Rather than seeking to promote a talented “super-competent” junior employee, Peter suggested that an incompetent manager may set them up to fail or dismiss them because they will likely "violate the first commandment of hierarchical life with incompetent leadership: [namely that] the hierarchy must be preserved".
There are methods that organizations can use to mitigate the risk associated with the Peter Principle:
- Refrain from promoting workers based on their current performance without proof of their abilities to succeed in the desired role.
- Provide in-service training for the desired roles for those being considered for promotion.
- Provide a parallel career path for good technical staff, possibly with the offer of additional pay, perks or recognition without requiring promotion to management, similar to a warrant officer in the military.
- Implement an Up or out approach as authorized by the Defense Officer Personnel Management Act for the United States Armed Forces and by manning control policies within the British Army, in which personnel who are not promoted above certain ranks within the fixed number of years are deemed to lack the necessary competence and are likely to be dismissed. Some larger businesses, notably major international management consultancies/accountancy firms including McKinsey, BCG, and Bain use a similar method, or the 'vitality curve' or 'rank and yank' used by GE where employees who are ranked in the bottom 5-10% on performance are likely to be fired.
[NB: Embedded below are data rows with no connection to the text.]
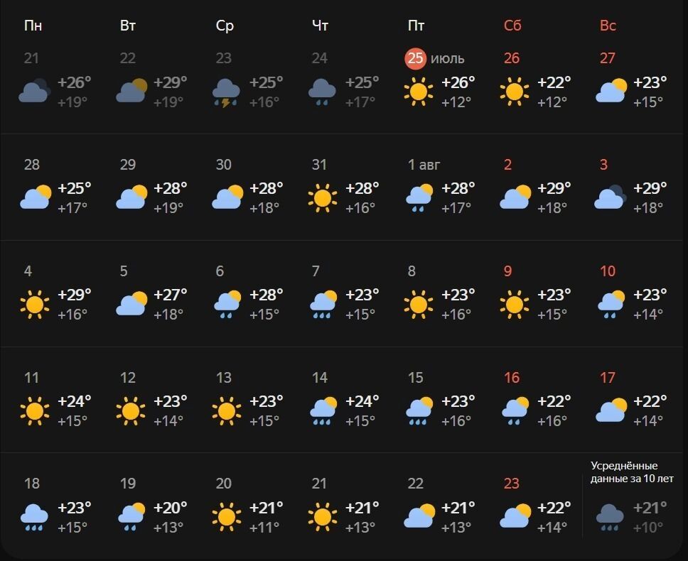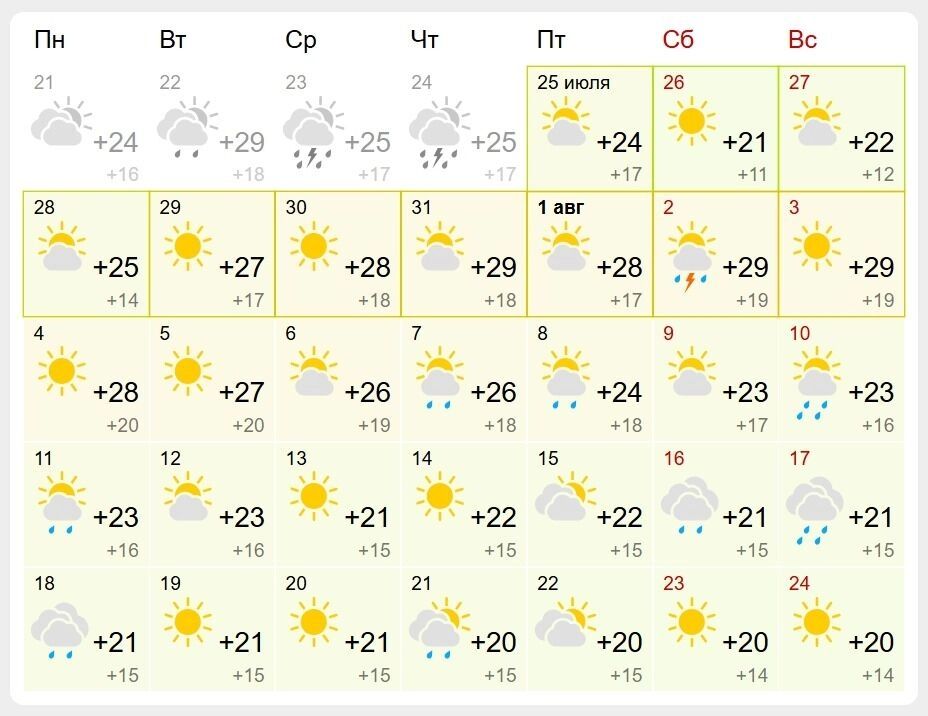 Похожий прогноз погоды на август дает и Gismeteo. По их данным, в Казани с 28 июля по 7 августа в столице Татарстана температура воздуха будет от 26 до 29 градусов. После этого сервис также прогнозирует небольшое «похолодание» — до 20-24 градусов. Отметим, что в обоих случаях прогноз погоды на август носит предварительный характер.
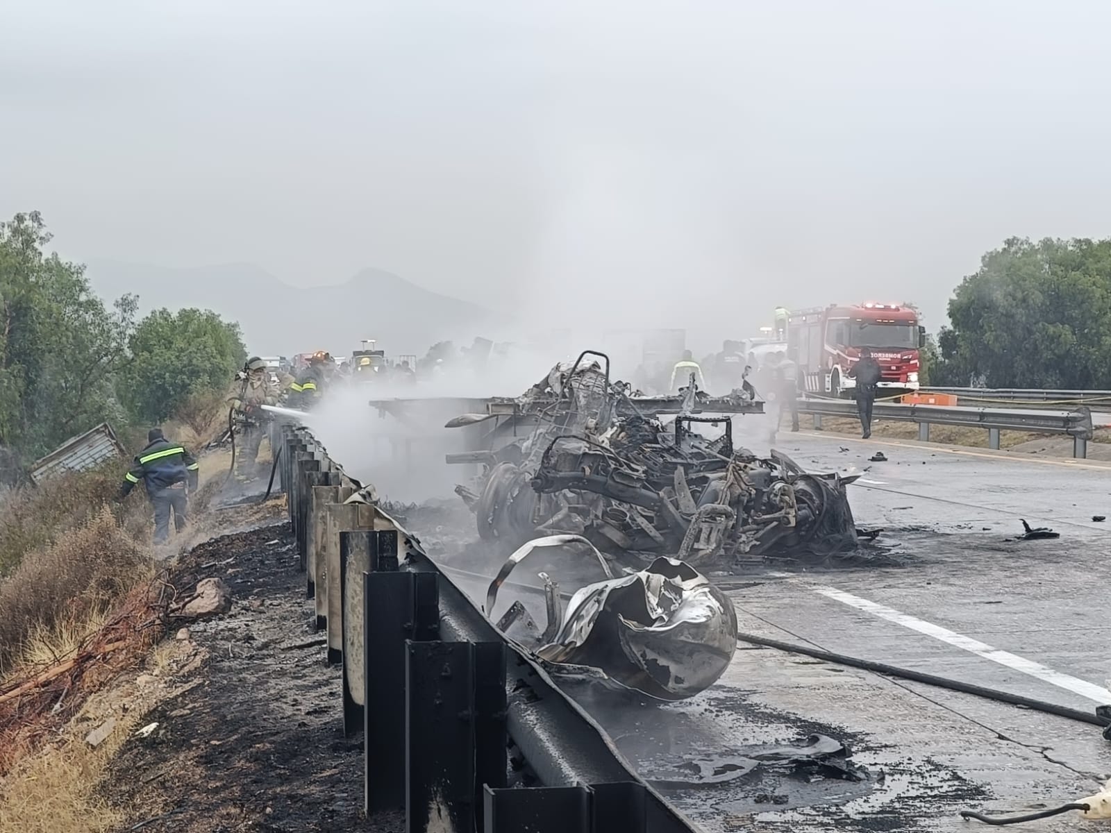 Según los datos preliminares, el chófer del tráiler que se incendió falleció calcinado al interior de su unidad, mientras que una segunda persona quedó muerta sobre la autopista.
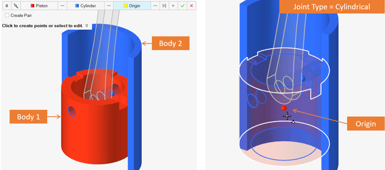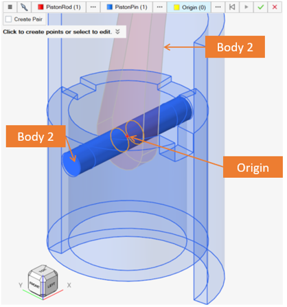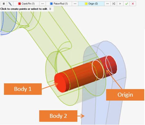 PistonRodをBody 1として、PistonPinをBody 2として、PistonRod穴のサーフェス中心をジョイントのOriginとして使用して、もう1つの回転ジョイントを作成します。
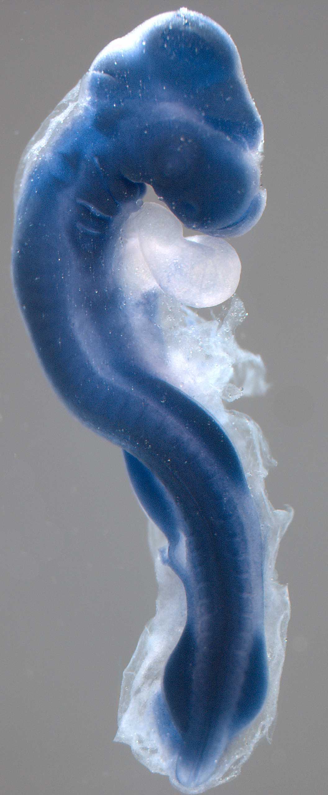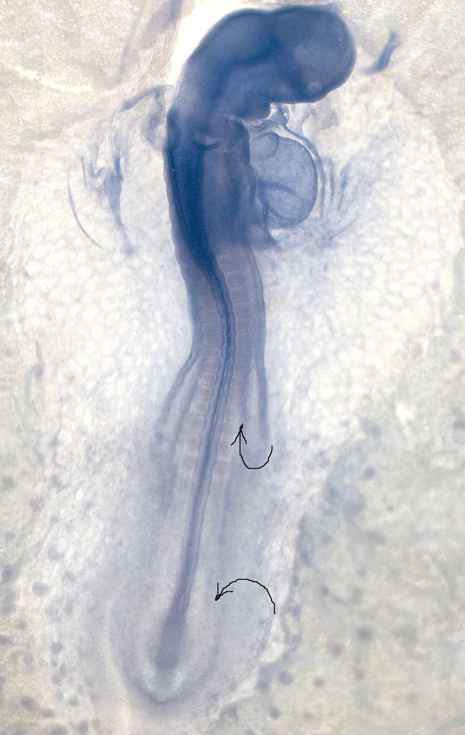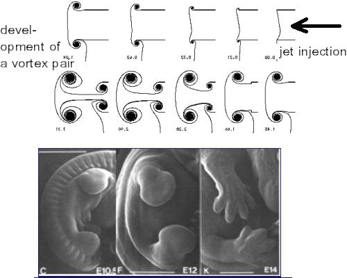 l'autre est l'image d'un embryon de souris à quelques jours de développement. Ces deux images illustrent mon point de vue sur la dynamique de formation des plans animaux. Il ne s'agit pas d'une analogie. Je pense réellement que l'enroulement du corps des animaux aboutissant à la formation du dos et des membres est un enroulement de type tourbillon. Mais il s'agira de deux paires de tourbillon entrant en collision. Dans le cas des embryons, ces jets sont initiés dans la blastula (qui est 2D ou quasi 2D) et se propagent tous seuls, jusqu'à flamber à 3D, et former le corps de l'embryon, avec sa courbure bien connue, et la position des bourrelets des pattes.

Alessandro Pluchino, Andrea Rapisarda and Cesare Garofalo used an agent-based modelling approach to simulate the promotion of employees in a system where the Peter Principle is assumed to be true. They found that the best way to improve efficiency in an enterprise is to promote people randomly, or to shortlist the best and the worst performer in a given group, from which the person to be promoted is then selected randomly.For this work, they won the 2010 Ig Nobel Prize in management science.
A similar theory was proposed by Scott Adams, creator of the Dilbert cartoon series. In his 1996 book, The Dilbert Principle, Adams suggested that "the least smart people are promoted, simply because they’re the ones you don't want doing actual work." In other words people are promoted because of their incompetence in their current role, rather than their competence. Others have suggested the "Peter Principle in reverse," a management strategy of deliberately promoting an employee beyond his or her level of existing competency.
Forerunners
In the 1910s, José Ortega y Gasset suggested that: "All public employees should be demoted to their immediately lower level, as they have been promoted until turning incompetent".